Source records
-------------------------

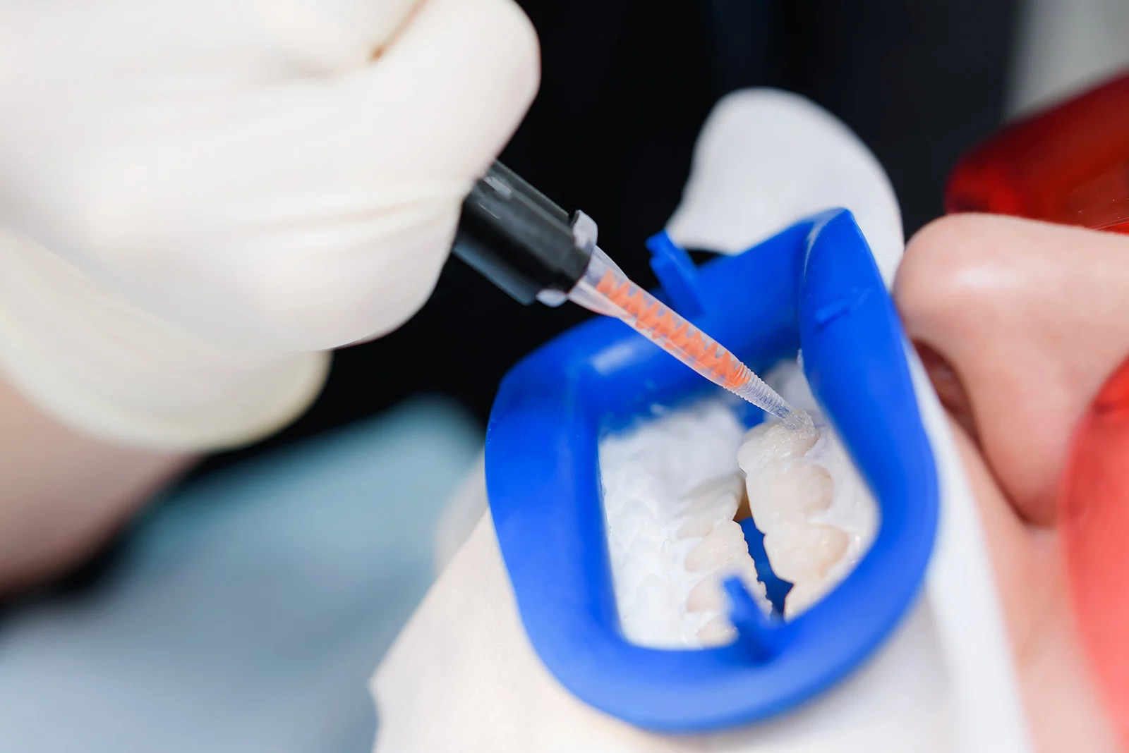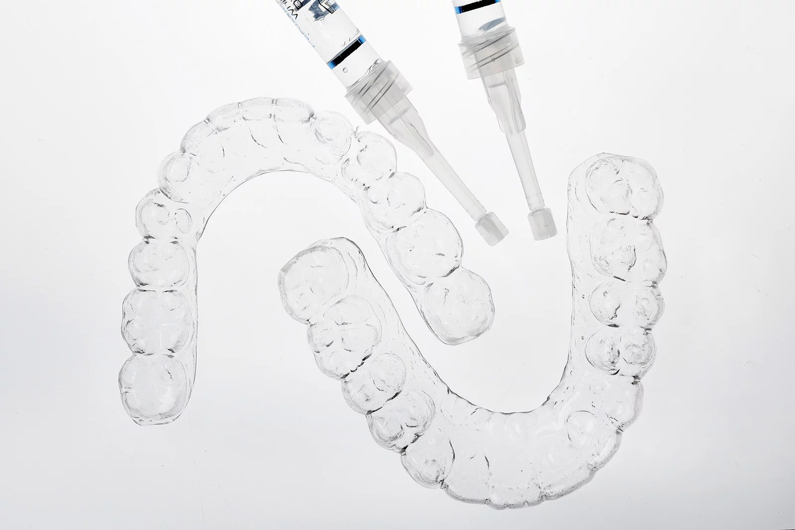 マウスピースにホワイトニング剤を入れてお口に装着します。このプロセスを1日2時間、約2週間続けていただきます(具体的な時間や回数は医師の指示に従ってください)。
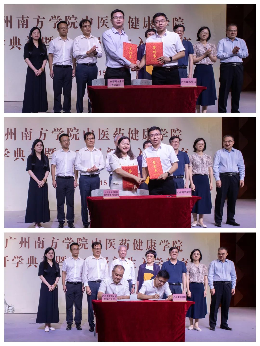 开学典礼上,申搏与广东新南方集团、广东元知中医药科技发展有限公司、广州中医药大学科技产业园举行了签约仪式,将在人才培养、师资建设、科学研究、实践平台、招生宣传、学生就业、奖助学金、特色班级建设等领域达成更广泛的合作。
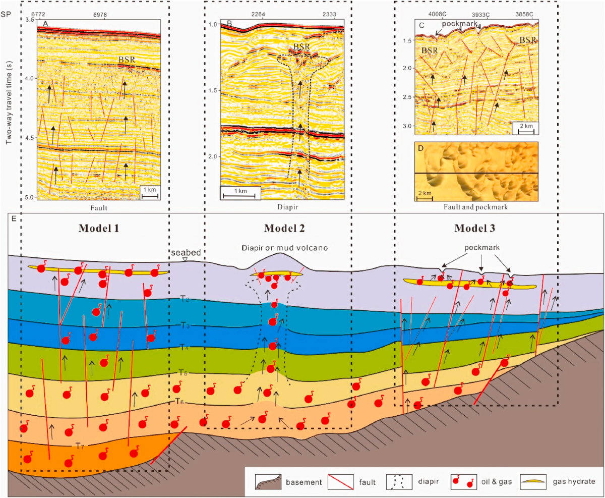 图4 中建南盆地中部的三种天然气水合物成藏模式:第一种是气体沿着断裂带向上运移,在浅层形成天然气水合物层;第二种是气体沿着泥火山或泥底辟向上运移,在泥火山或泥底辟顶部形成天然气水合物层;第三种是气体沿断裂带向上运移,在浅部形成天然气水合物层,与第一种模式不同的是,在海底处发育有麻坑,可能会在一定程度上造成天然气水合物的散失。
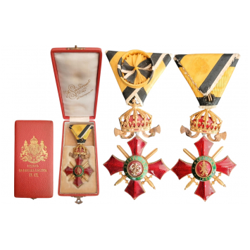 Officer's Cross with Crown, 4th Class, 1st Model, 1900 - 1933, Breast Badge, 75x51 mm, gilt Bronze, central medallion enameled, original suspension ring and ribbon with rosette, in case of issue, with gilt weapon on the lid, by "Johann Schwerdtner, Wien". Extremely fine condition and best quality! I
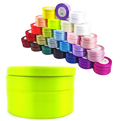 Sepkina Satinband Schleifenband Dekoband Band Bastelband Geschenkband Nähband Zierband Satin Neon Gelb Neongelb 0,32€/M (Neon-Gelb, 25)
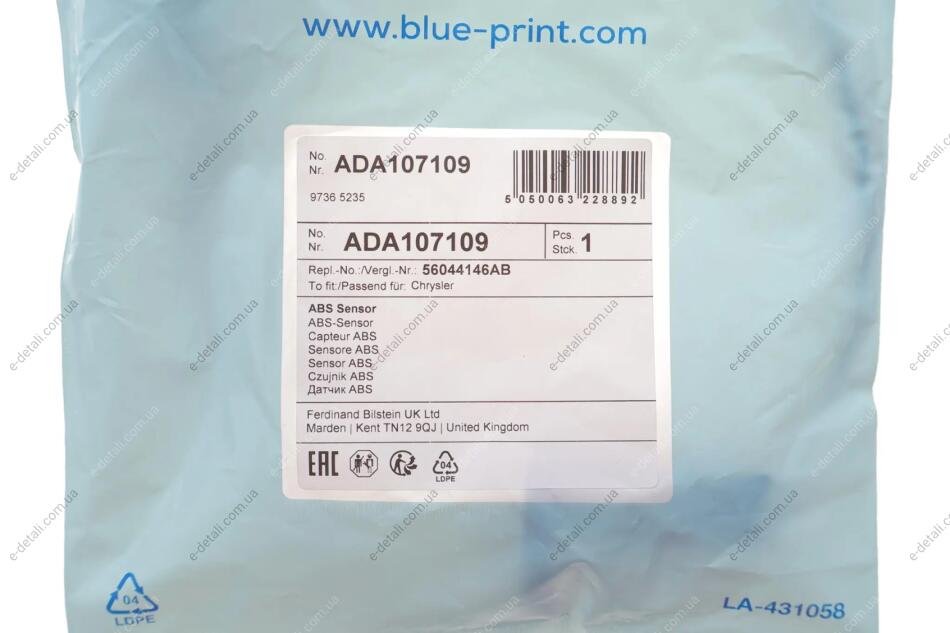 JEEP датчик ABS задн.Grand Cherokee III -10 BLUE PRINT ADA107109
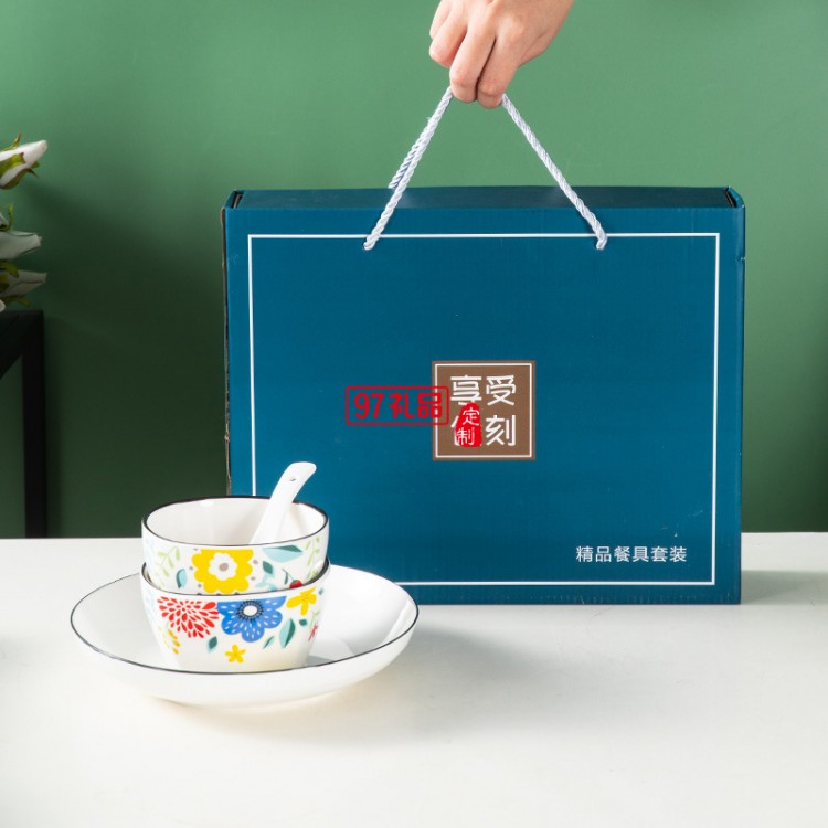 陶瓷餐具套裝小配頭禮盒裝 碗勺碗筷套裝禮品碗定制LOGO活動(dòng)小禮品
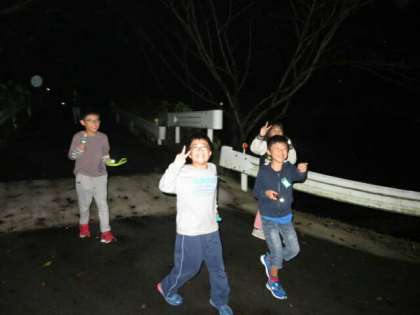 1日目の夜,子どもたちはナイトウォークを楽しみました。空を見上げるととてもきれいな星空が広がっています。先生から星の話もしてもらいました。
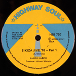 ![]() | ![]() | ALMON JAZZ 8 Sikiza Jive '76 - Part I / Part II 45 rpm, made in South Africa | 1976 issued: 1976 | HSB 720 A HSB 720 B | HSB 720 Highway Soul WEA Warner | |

-------------------------

• Task item: All preceding records should be duplicated verbatim, images excepted.

• Response:
 マウスピースにホワイトニング剤を入れてお口に装着します。このプロセスを1日2時間、約2週間続けていただきます(具体的な時間や回数は医師の指示に従ってください)。
 开学典礼上,申搏与广东新南方集团、广东元知中医药科技发展有限公司、广州中医药大学科技产业园举行了签约仪式,将在人才培养、师资建设、科学研究、实践平台、招生宣传、学生就业、奖助学金、特色班级建设等领域达成更广泛的合作。
 图4 中建南盆地中部的三种天然气水合物成藏模式:第一种是气体沿着断裂带向上运移,在浅层形成天然气水合物层;第二种是气体沿着泥火山或泥底辟向上运移,在泥火山或泥底辟顶部形成天然气水合物层;第三种是气体沿断裂带向上运移,在浅部形成天然气水合物层,与第一种模式不同的是,在海底处发育有麻坑,可能会在一定程度上造成天然气水合物的散失。
 Officer's Cross with Crown, 4th Class, 1st Model, 1900 - 1933, Breast Badge, 75x51 mm, gilt Bronze, central medallion enameled, original suspension ring and ribbon with rosette, in case of issue, with gilt weapon on the lid, by "Johann Schwerdtner, Wien". Extremely fine condition and best quality! I
 Sepkina Satinband Schleifenband Dekoband Band Bastelband Geschenkband Nähband Zierband Satin Neon Gelb Neongelb 0,32€/M (Neon-Gelb, 25)
 JEEP датчик ABS задн.Grand Cherokee III -10 BLUE PRINT ADA107109
 陶瓷餐具套裝小配頭禮盒裝 碗勺碗筷套裝禮品碗定制LOGO活動(dòng)小禮品
 1日目の夜,子どもたちはナイトウォークを楽しみました。空を見上げるととてもきれいな星空が広がっています。先生から星の話もしてもらいました。
 ![]() | ![]() | ALMON JAZZ 8 Sikiza Jive '76 - Part I / Part II 45 rpm, made in South Africa | 1976 issued: 1976 | HSB 720 A HSB 720 B | HSB 720 Highway Soul WEA Warner | |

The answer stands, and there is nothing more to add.